On Tuesday, our nation collectively experienced a highly significant moment, as we witnessed the culmination of the case involving the tragic murder of George Floyd. 

For some of us, there has been tension, grief and pain that we have carried as we’ve wondered what would be the outcome of the case. As university leaders, we recognize that such events like these take a deep toll on many of us, and we’re thankful for our Administration’s support to allow those of us who needed space to process the complexities surrounding Tuesday’s verdict. 

On a personal note, over the past year, we have shared in countless conversations with many members of our community, especially some of our fellow black employees and students, and other people of color, about their genuine concern for their personal safety, and their desire to experience the full respect and dignity as individuals made in the image of God. We recognize that while this verdict addresses the individual issue of accountability for this sin, it does not lessen the importance of addressing systemic sin as part of our pursuit of biblical justice rooted in love and found in the Shalom community.

The incidents over the past year have been a painful reminder that racism and other forms of sinful discrimination continue to wreak havoc on our world.
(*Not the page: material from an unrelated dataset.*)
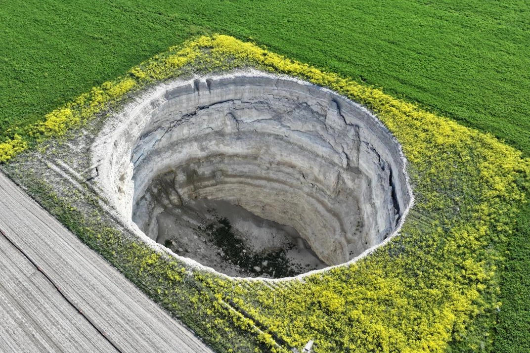 Yoğun sulama faaliyetinin yapıldığı tarlaların arasında oluşan devasa çukur, her geçen yıl genişleyerek büyüyor.

As stated in our Theological Statement on Diversity, “We recognize that the pervasiveness of sin impacts both individuals and institutions. We confess to being a broken community in constant need of healing in relation to our past and present” (Unity Amidst Diversity: Theological Statement on Diversity).

“As Christians who take seriously God’s commands to ‘truly execute justice’ (Jer. 7:5), we must show the world how biblical Christianity offers far more hopeful and unifying answers to the injustices of our day,” said President Corey in Biola’s Biblical Approach to Racial Justice). It is not “their” job but it is our biblical mandate.
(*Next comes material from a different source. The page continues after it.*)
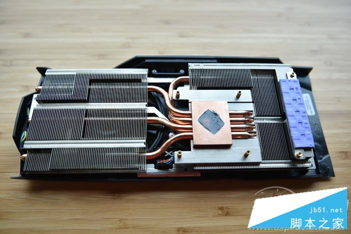 拆開散熱器后我們可以看到散熱器由4根8mm的熱管和大量散熱鰭片組成,4根銅管緊緊貼合著銅底,GPU核心的熱量經由銅底把熱量帶到4根熱管上,再由熱管把熱量帶給散熱鰭片,最后兩個90mm的風扇負責把熱量排走。

As we seek to create a culture of Christ-like love that results in a thriving intercultural community, here are some practical steps we can take.

  1. Process: You may need a space to process Tuesday’s verdict with others. The Division of Diversity and Inclusion has created separate spaces for Biola faculty, staff/administration and students on Monday, April 26, 12 to 1 p.m. PDT.
  2. Prepare: Continue to look for ways to educate yourself by visiting our Diversity and Inclusion resource page.
  3. Pray: Pray and intercede for the family of George Floyd, Derek Chauvin, our nation’s leaders and injustices experienced by many around the world.
  4. Pursue: Seek additional counseling and support through Pastoral Counseling, Drop-in Counseling, or reach out to a Diversity and Inclusion Team member.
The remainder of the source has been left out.